Brexit and Law Reform
On 24th March 2021, the Law Commission, which is tasked with promoting law reform for England and Wales, issued for consultation its suggested themes for law reform to form the basis of its 14th Programme of Law Reform. One of its suggested themes is Brexit-related – in particular focusing on areas of retained EU law “which should be reformed, rather than simply being reabsorbed unchanged into domestic legislation”.
In its accompanying “Ideas for law reform” paper and under the sub-heading of “the UK statute book”, the Law Commission goes into more detail about the work that could be done to remove “mismatches” between concepts of retained EU law (which have been embedded into UK law as part of the Brexit process) and UK domestic law. The Law Commission is suggesting that now that the UK “has control of all the relevant legislation, there are opportunities to bring greater coherence to the areas of domestic legislation most affected by leaving the EU”. This might take the form of an “overarching project to investigate areas where legislative repair has the potential to bring the greatest benefits, working closely with the Office of Parliamentary Counsel and the Government Legal Department”.
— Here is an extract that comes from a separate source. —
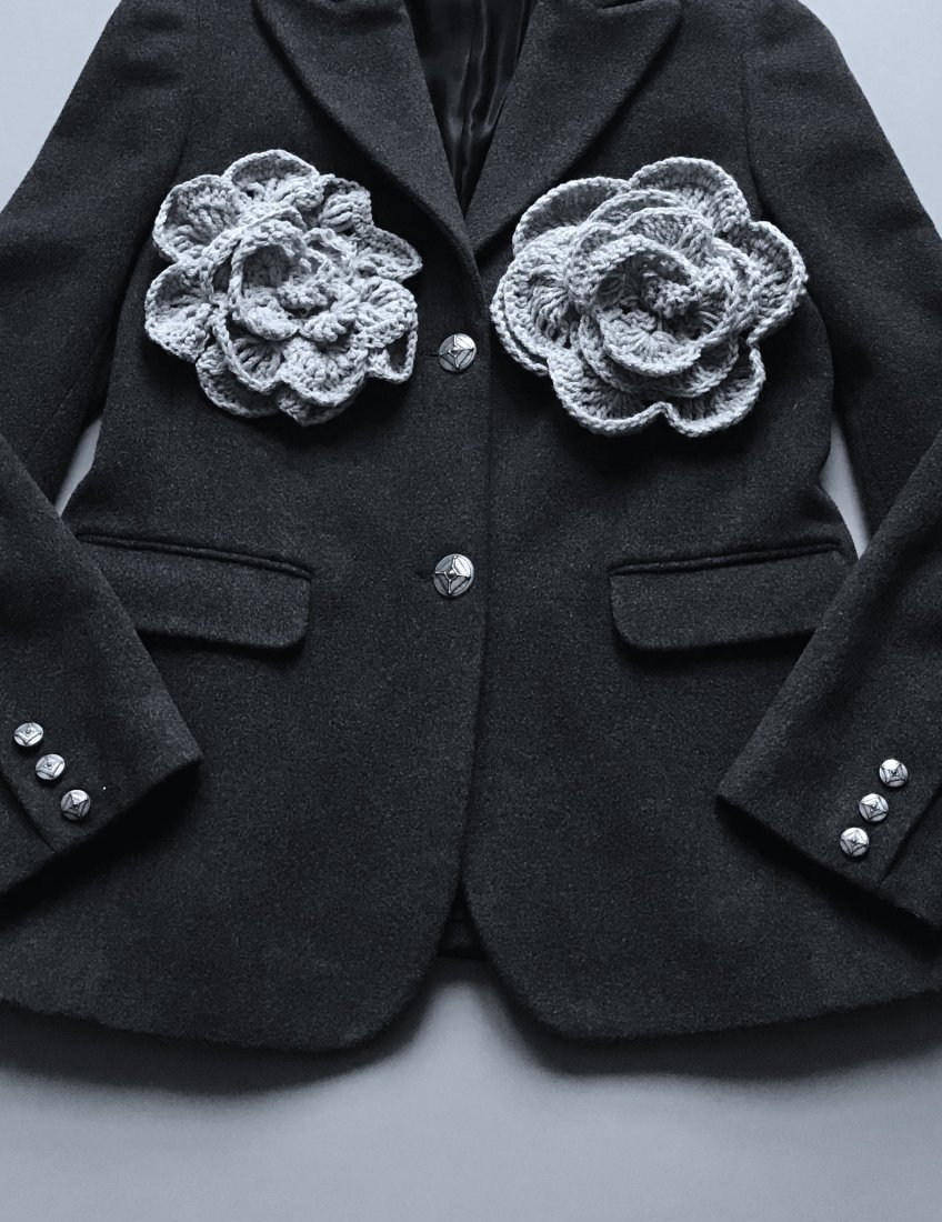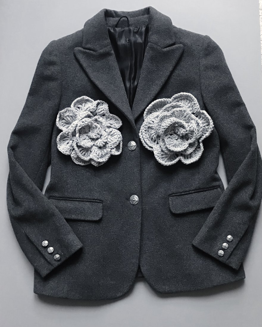 Polecam przepiękny z grubej i miękkiej wełny, dzięki czemu możemy w cieplejsze dni nosić jako okrycie wierzchnie. Żakiet , ozdobiony szydełkowymi kwiatami. Broszki zapinane na agrafki, dziki czemu możemy modyfikować miejsce zapięcia. Zapinany ozdobnymi, metalowymi guzikami na wiskozowej podszewce. Z przodu dwie kieszenie z klapkami. Delikatnie taliowany z wyprofilowanym biustem i zaszewkami. Jedyny i niepowtarzalny wzór. Brak metek, stan idealny jak nowy. wełna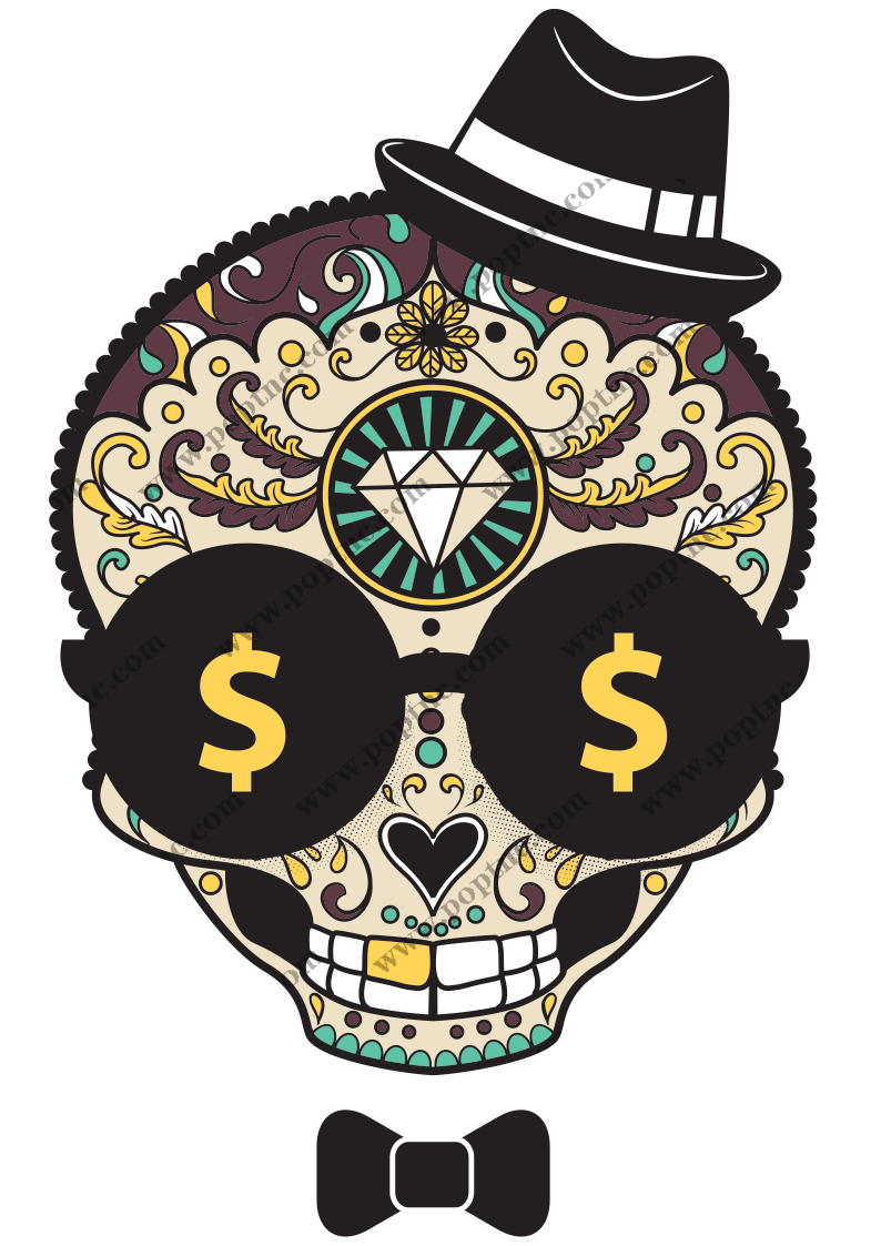 POP花型网 » 几何花纹拼接骷髅头钱币符号领结服装T恤烫图印花花型素材

English and Welsh law, with its common law tradition, has always looked at things somewhat differently from the heavily Civil Code–based approach of EU law and the Law Commission has identified that there is a job to be done in melding the two systems in the interests of removing uncertainties and inconsistencies “which in turn would help lay a firm platform for future development of the law [ie English and Welsh law]. Alternatively there could be specific areas of retained EU law which can already be identified as being in need of reform”.
The Law Commission consultation on themes for its 14th Programme of Law Reform closes on 31st July 2021 and it will be interesting to see how “retained EU law” fares in due course thereafter as part of changing UK domestic law (and in particular changing law in England and Wales).